Marijuana is less harmful to the body than alcohol. Marijuana is less toxic and addictive than alcohol, which causes 35,000 deaths a year from its health effects alone versus zero per year from marijuana. Plus, there has never been recorded death from a marijuana overdose, while death from alcohol intoxication is common. That’s not to say there are no detrimental health effects from marijuana, but it is easier on the body than alcohol.

There are beneficial uses of marijuana. Beyond medicinal purposes, millions of Americans use marijuana for the same reasons some people have a drink — to de-stress, or to help get conversations flowing in social situations. Decriminalization would give those people a lawful way to obtain the drug versus buying it from a dealer who may have connections to a drug cartel or street gang.

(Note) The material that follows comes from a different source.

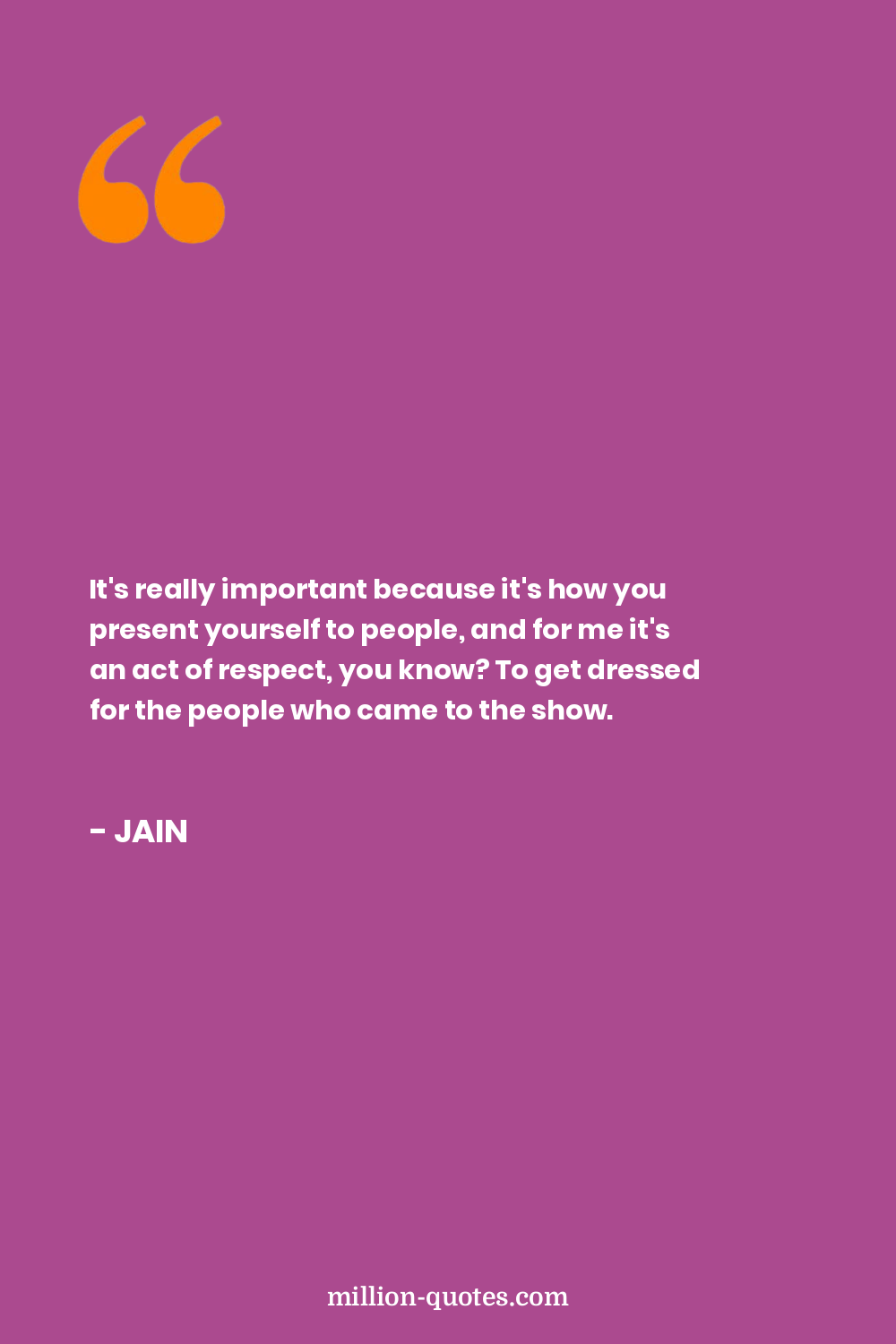 It's really important because it's how you present yourself to people, and for me it's an act of respect, you know? To get dressed for the people who came to the show.

There are better uses of law enforcement resources than punishing Americans who use marijuana recreationally. Since Richard Nixon declared a “war on drugs” in 1971, the U.S. has spent billions on drug interdiction, including on marijuana. But as with alcohol during the 1920s, marijuana remains in high demand.

Legalization would create a regulated, state-controlled market for recreational marijuana, which in Nevada is currently controlled by criminals. As during Prohibition, when profits from distribution of illegal liquor fueled criminal syndicates, the War on Drugs has helped feed crime and violence. It also has been a factor in overpopulation of prisons and a tragic disproportion of minorities being incarcerated. Although legalization hasn’t eliminated the black market in states where legal pot has been adopted, it has created hundreds of new businesses and millions in economic impact, proving there’s a strong demand for legal marijuana. Nevada would experience similar economic gains.

Nevada is capable of establishing a strong body of policies and regulatory structure to effectively oversee the industry. The state’s legacy includes leadership in gaming regulation, and we’re in position to learn from other states that have adopted legalization.

The benefits of a well-regulated marijuana industry outweigh potential concerns such as increased public-safety risk and greater availability to children. There’s no conclusive evidence that legalization leads to greater use among children. As for public-safety risks, marijuana generally is not associated with violent crime. Impaired driving is a concern, but it can and should continue to be enforced aggressively not only for marijuana, but any substance.

The state can craft policy to address health and safety concerns. For instance, Colorado has approved legislation to bar the sale of edible marijuana products shaped like animals, people or fruit, which children can easily mistake for candy.

Businesses are free to draft policies regarding marijuana use by employees or by visitors on their premises. This is no different from policies for alcohol. Nevada casinos will bar use of marijuana, for example, because the casinos are subject to federal and state oversight, and the federal government continues to classify marijuana as an illegal drug.

Editor’s note: Brian Greenspun, the CEO, publisher and editor of the Sun, has an ownership interest in Essence Cannabis Dispensary.